You can change what part of the planet you are looking at by either clicking and dragging the mouse towards the direction you want, or pressing W, A, S or D to move in the appropriate direction. Holding down the shift button while pressing W, A, S or D makes moving the camera faster. I didn’t see any significant problems with the traversal and zoom function, the latter of which allows changing viewing of the whole planet from afar all the way to viewing individual people close-up, even if their faces aren’t defined.
The Universim’s weather system is fully dynamic and procedurally-generated, so no two games have the same weather pattern. Animals are also fully interactable, meaning they can kill or hunt beside your people and can be hunted and killed in self-defense. A temperature map showing a region’s temperature by color (green=okay, red and/or orange=warm and hot) is also optional to view, and I only used it once at the beginning of the game when choosing the starting place, and that didn’t even work right then, much to the chagrin of the game artist walking me through the demo.
The two people you start with can be assigned to different skillsets (gathering, scavenging/foraging, construction, etc.), but I didn’t mess with their starting sets.
After a while (time in the game being configurable to be faster or slower), the game informed me that “my son and daughter” wanted to not feel lonely. Following this was a funny animation where, after the two walked into a stone hut that the guy built, the hut shook and jumped with hearts floating out of it, meaning reproduction was happening. The two even said something along the lines of “that was fun.”
Speaking of time in the game, The Universim features era-like sections that are fairly clear-cut when reached in the game, starting with the Stone Age and ending with the modern Space Exploration Age period.

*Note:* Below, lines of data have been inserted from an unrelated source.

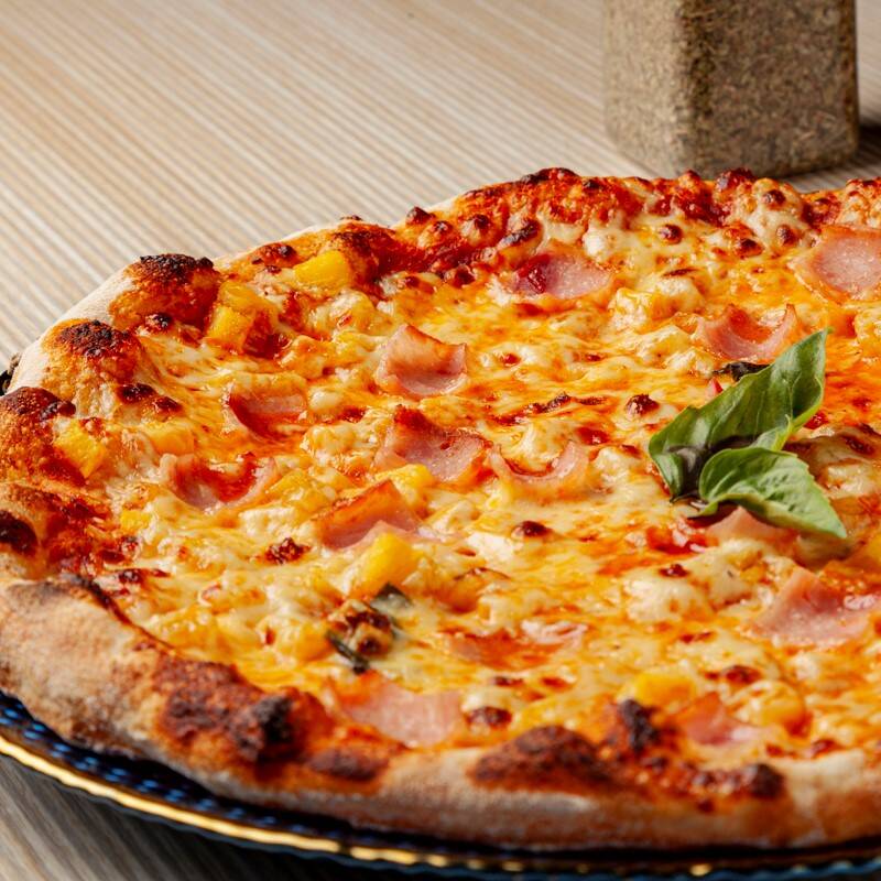 Pizza 4 porciones de 27 cm, en salsa roja san marzano, mozzarella, piña, jamon ahumado, albahaca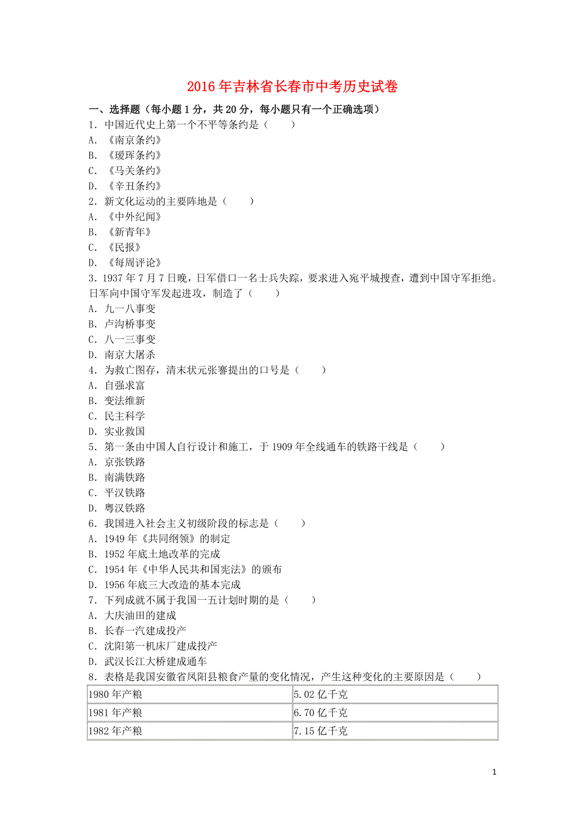 一、吉林省长春市2016年中考历史真题试题(含解析)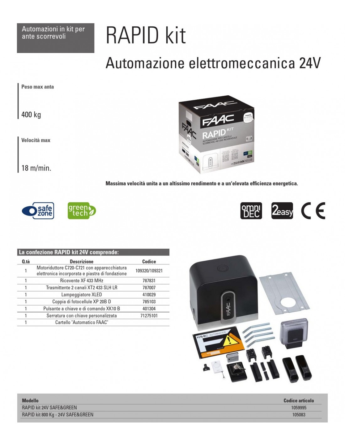 Motorreductor FAAC C720 24V para puertas correderas de hasta 400 Kg de peso, extremadamente compacto y robusto,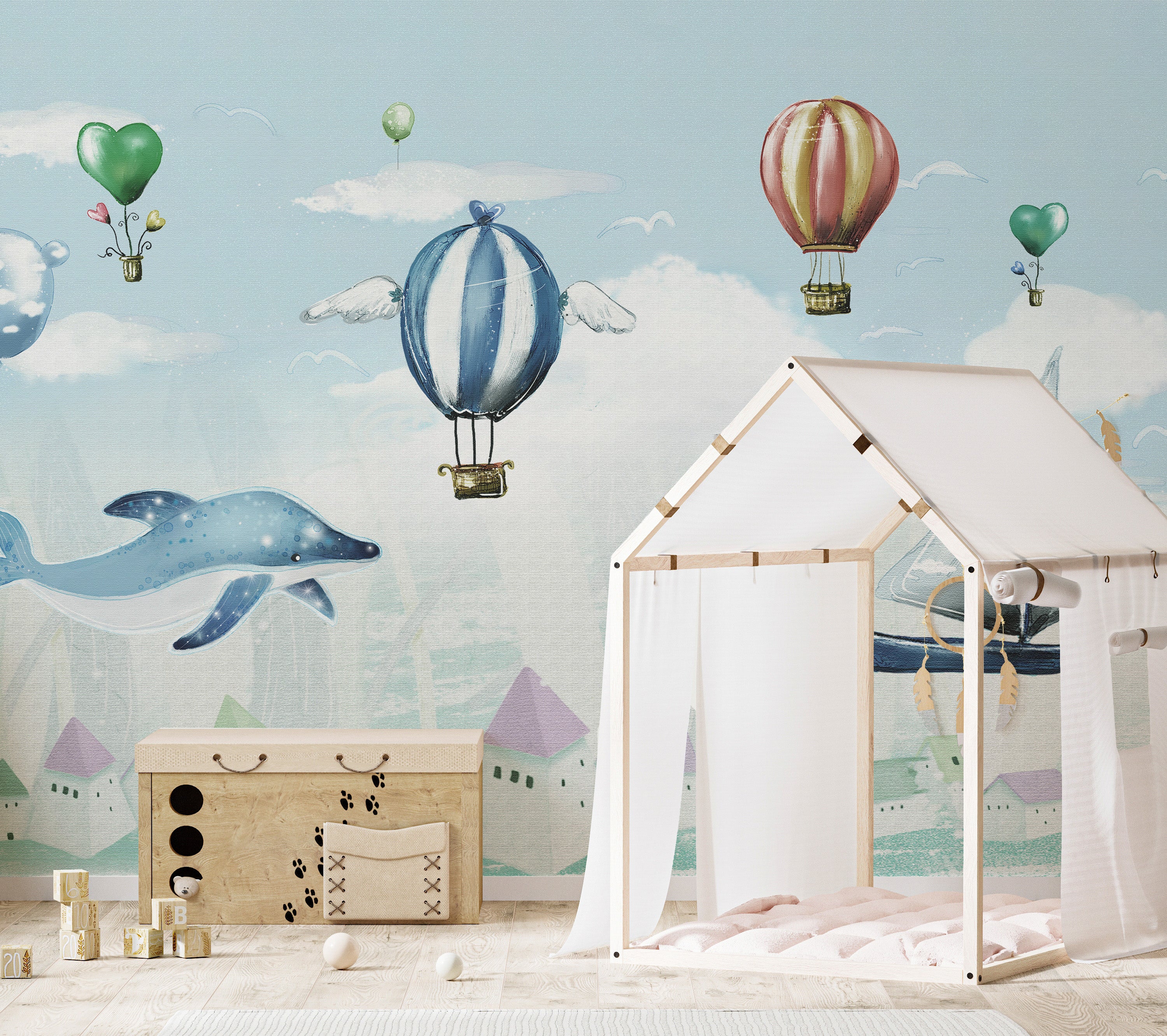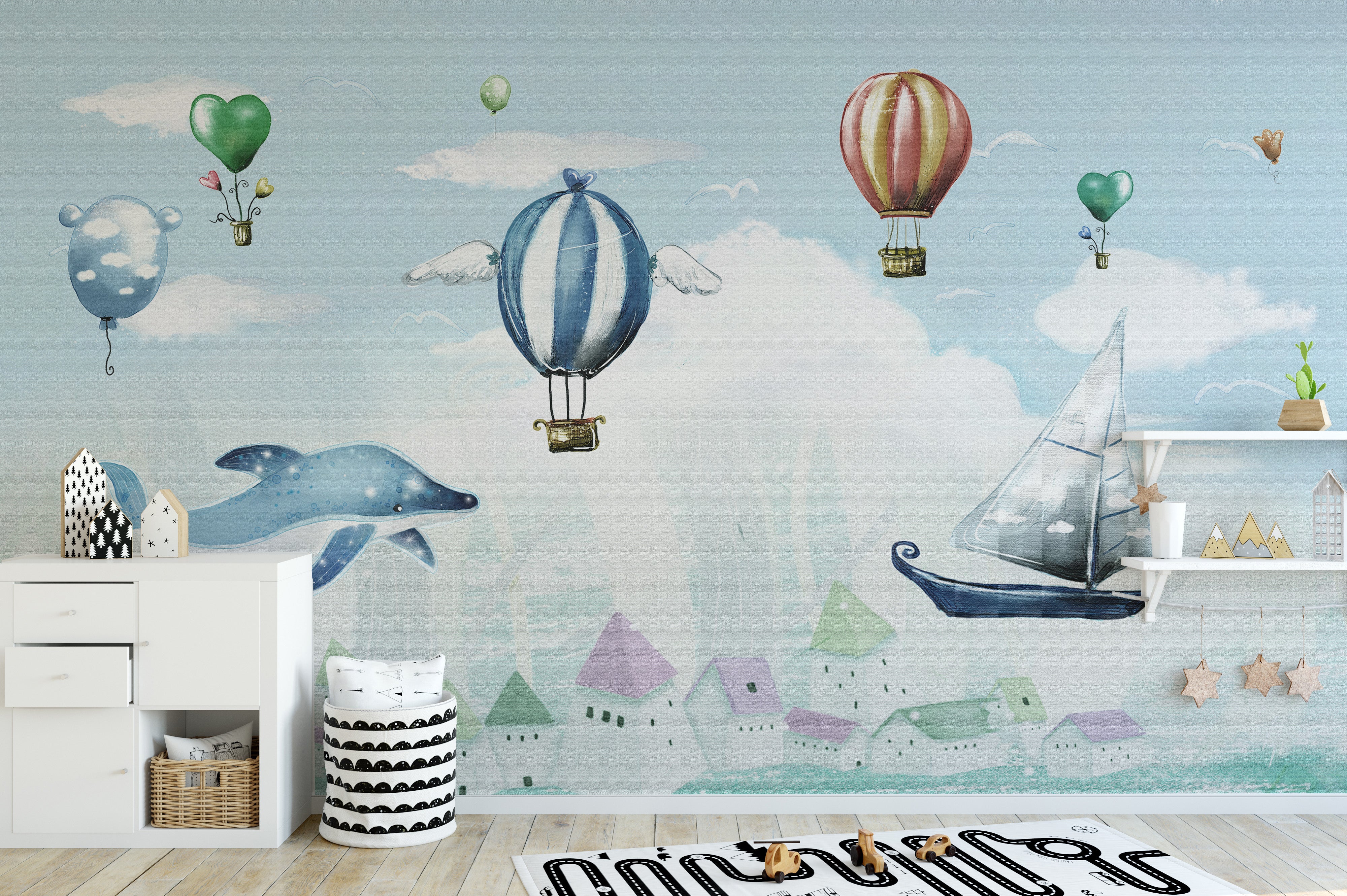 Imagine the look on your child's face when they walk into their room to see a stunning high skies adventure hot air balloon mural wallpaper bringing their walls to life! This playful wallpaper celebrates the joy of childhood with whimsical hot air balloons floating through the clouds. The intricate detailing of the balloons and the beautiful scenery below will capture their imagination and ignite a sense of adventure in their hearts. The captivating design of this hot air balloon wallpaper is perfect for any kid's room. Bring a touch of adventure to your child's space with this bold and beautiful wallpaper.

Shortly after, the two companions gave birth to their son, who had to first mature then become an adult before also being able to mate, indicated by a heart icon reaching 100% in the side bar found in the information shown when you click on an individual person. Other information shown in the window is the person’s morale, health and hunger, all of which are critical for every community member. At the start, there is no problem, but I instantly found myself in a rut when, because the population was too large, everyone’s hunger climbed and health and morale went down.
When statistics like morale are not kept high, and if the attitudes of some of your people are not kept in check, The Universim allows players to kill , and punish in other ways, disobedient followers, such as grabbing and crushing or throwing them. Of course, you can also choose to not do that and allow them to choose to not follow your orders, but the Space Age probably won’t come any time soon, if at all.
The Universim has no confirmed release date(s) yet.